EXERCISE REQUIREMENTS → Using only the entries below, output the lines starting at the one containing "Undulating snowdrifts with" and ending at the one containing "403 Three Handcrafted", exactly and inclusive of both, omitting the pictures.

INPUT DATA →
Segment Open

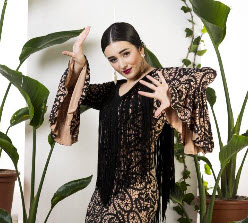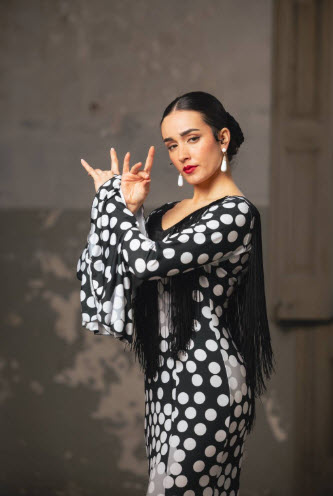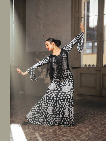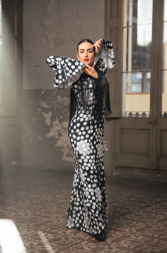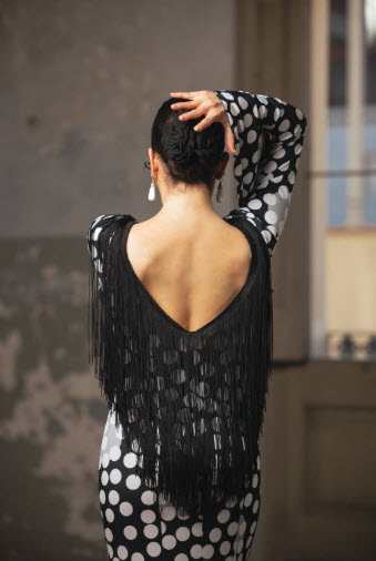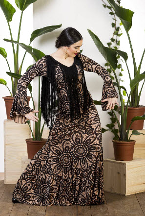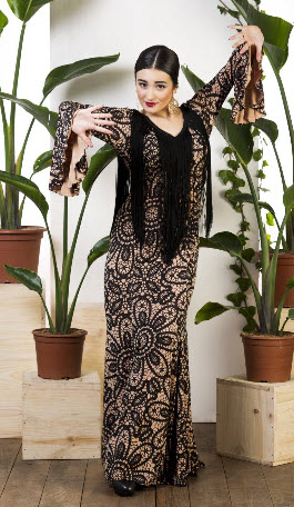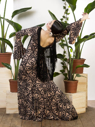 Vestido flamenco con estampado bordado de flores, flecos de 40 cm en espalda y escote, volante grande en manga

Segment Closed
Segment Open

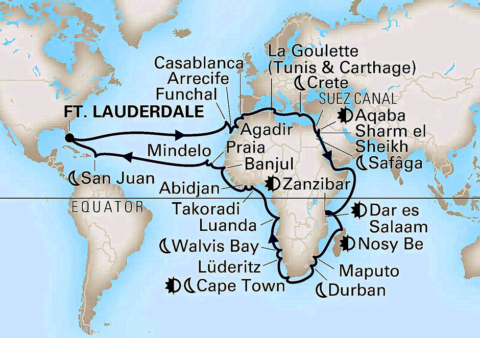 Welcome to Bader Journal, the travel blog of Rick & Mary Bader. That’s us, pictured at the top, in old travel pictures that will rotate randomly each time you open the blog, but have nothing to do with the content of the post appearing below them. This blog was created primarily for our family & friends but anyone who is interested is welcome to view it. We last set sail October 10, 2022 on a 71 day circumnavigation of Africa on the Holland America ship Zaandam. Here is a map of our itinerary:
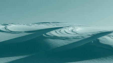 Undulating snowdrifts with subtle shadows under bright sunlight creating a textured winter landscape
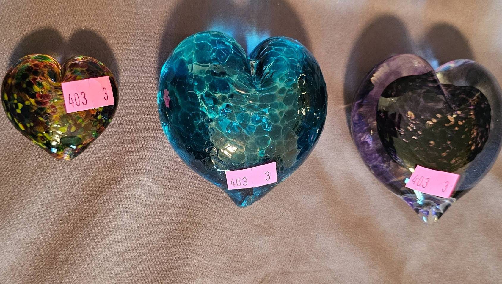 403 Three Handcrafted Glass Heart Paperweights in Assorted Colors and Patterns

Segment Closed

RESPONSE TO THE TASK →
 Undulating snowdrifts with subtle shadows under bright sunlight creating a textured winter landscape
 403 Three Handcrafted Glass Heart Paperweights in Assorted Colors and Patterns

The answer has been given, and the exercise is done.